The maximum amount which the Vendors are required to pay in respect of all claims whenever
made shall not (when aggregated with the amount of all other claims) exceed 50% of the
Completion Amount. The Purchaser shall not make any claim for a breach of Warranties unless
full details of the claim have been notified to the Vendors in accordance with the terms of the SPA
within six (6) years from the day the transfer of Sale Shares has been completed from the Vendor
to the Purchaser excluding the Subari Rudi’s Sale Shares, which date shall be either 60 days from
the pre-acquisition announcement in accordance with the Conditions Precedent or 7 days from the
Unconditional Date, whichever is later.

G. Termination

Right to terminate

(a) If the foregoing provisions of Clause 6.2 of the SPA are not fully complied with by the
Vendors by or on the Unconditional Date, the Purchaser shall be entitled (in addition to
and without prejudice to all other rights or remedies available to the terminating Party
including the right to claim damages) by written notice to the Vendors served on such date:
(i) to elect to terminate the SPA (other than the surviving provisions in the SPA) without
liability on the part of the terminating Party; or
(ii) to effect completion of parties obligations under the SPA so far as practicable having
regard to the defaults which have occurred; or
(iii) to fix a new date for the fulfilment or waiver of the obligations set out in the Conditions
Precedent by the Parties in which case the foregoing provisions of this clause shall
apply as so deferred but provided such deferral may only occur once.

(b) If the SPA is terminated in accordance with the above, SCB shall within 5 Business Days,
reimburse to the Purchaser:
(i) the Sale Shares Price free of interest;
(ii) any part payment of the Shareholders Advance made by the Purchaser to the
Vendors Representative (if any); and
(iii) any sum of monies made by the Purchaser in relation to PT IME

failing which, such sum shall be deemed as a debt owing by SCB to the Purchaser and
the Purchaser shall be entitled to charge interest on such sum in accordance with the SPA
until such sum is paid in full by SCB to the Purchaser.

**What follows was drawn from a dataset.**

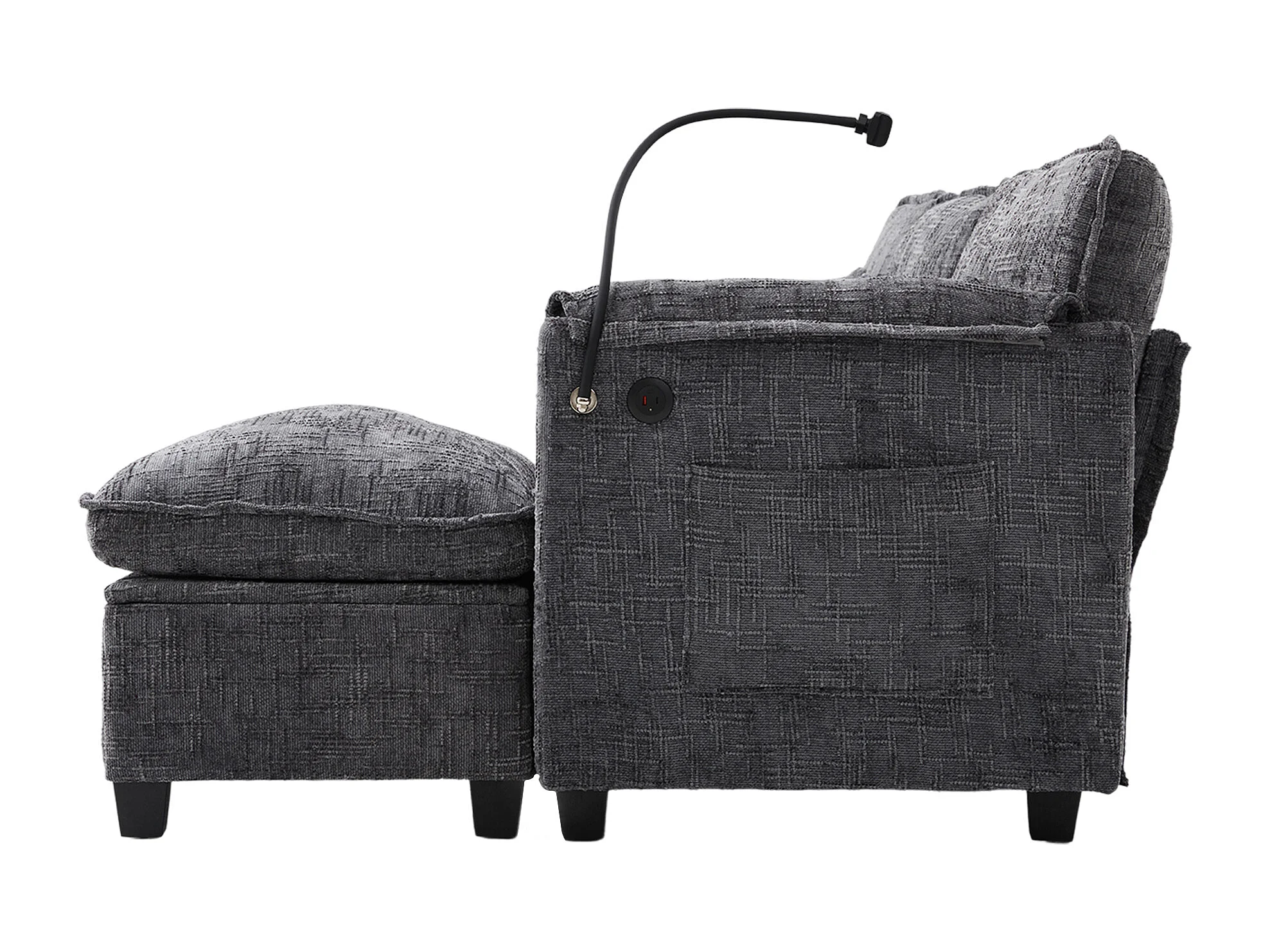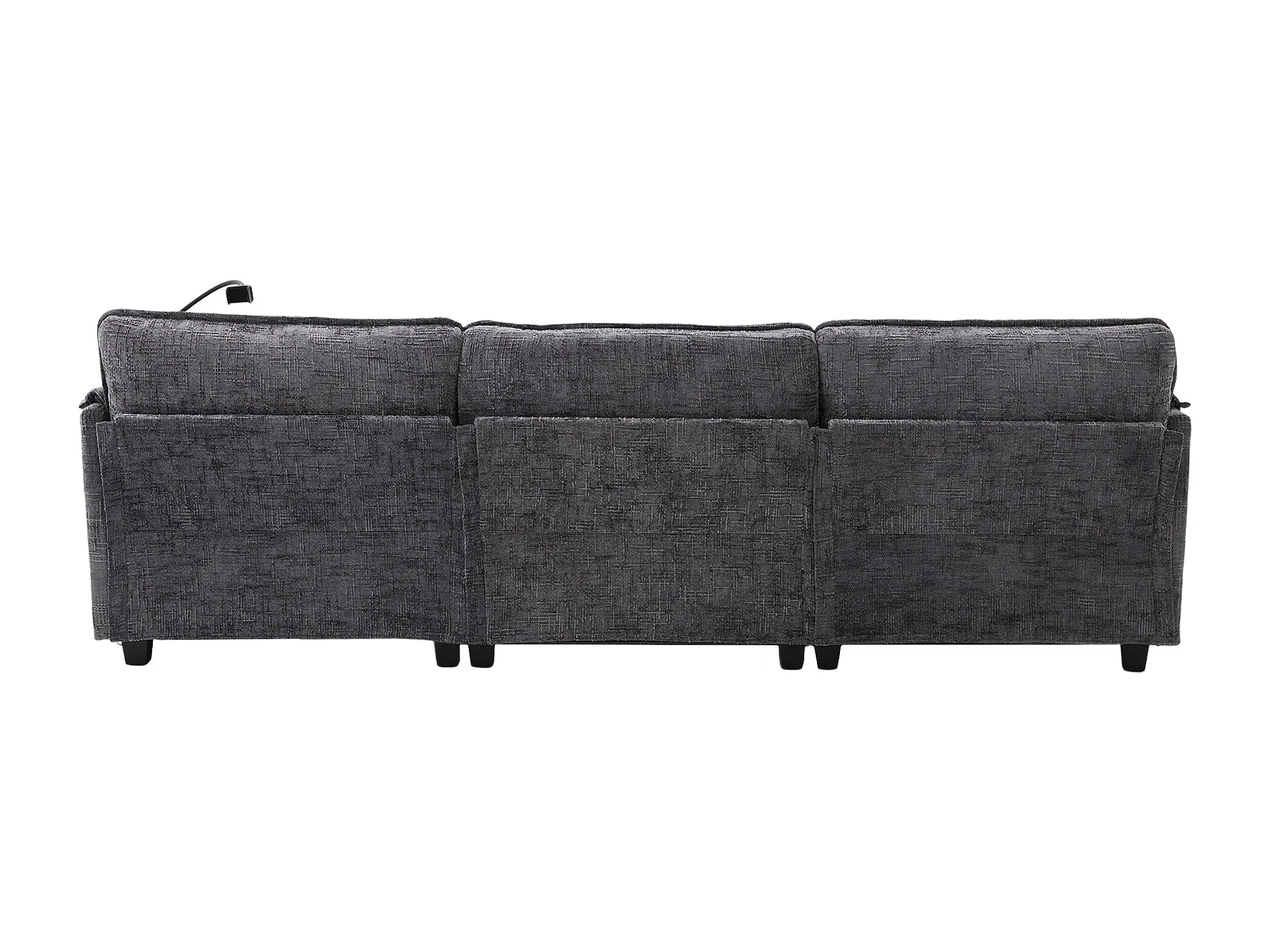 Sofá de 3 plazas, sofá esquinero con puerto USB, bolsillos laterales y soporte para teléfono - Chenilla gris

Without limiting the generality of the
foregoing, the Purchaser shall be entitled to commence recovery proceedings against the
Vendors. Thereafter, neither the Purchaser nor the Vendors shall have any claim under
the SPA of any nature whatsoever against the other Party except in respect of any rights
and liabilities:
(i) which have accrued before termination;
(ii) under the surviving provisions of the SPA; or
(iii) arising in respect of any fraud or willful misconduct of the Vendors or the Purchaser.

(c) Simultaneously with the refund of monies to the Purchaser, the Parties shall comply with
the consequence of termination pursuant to the SPA.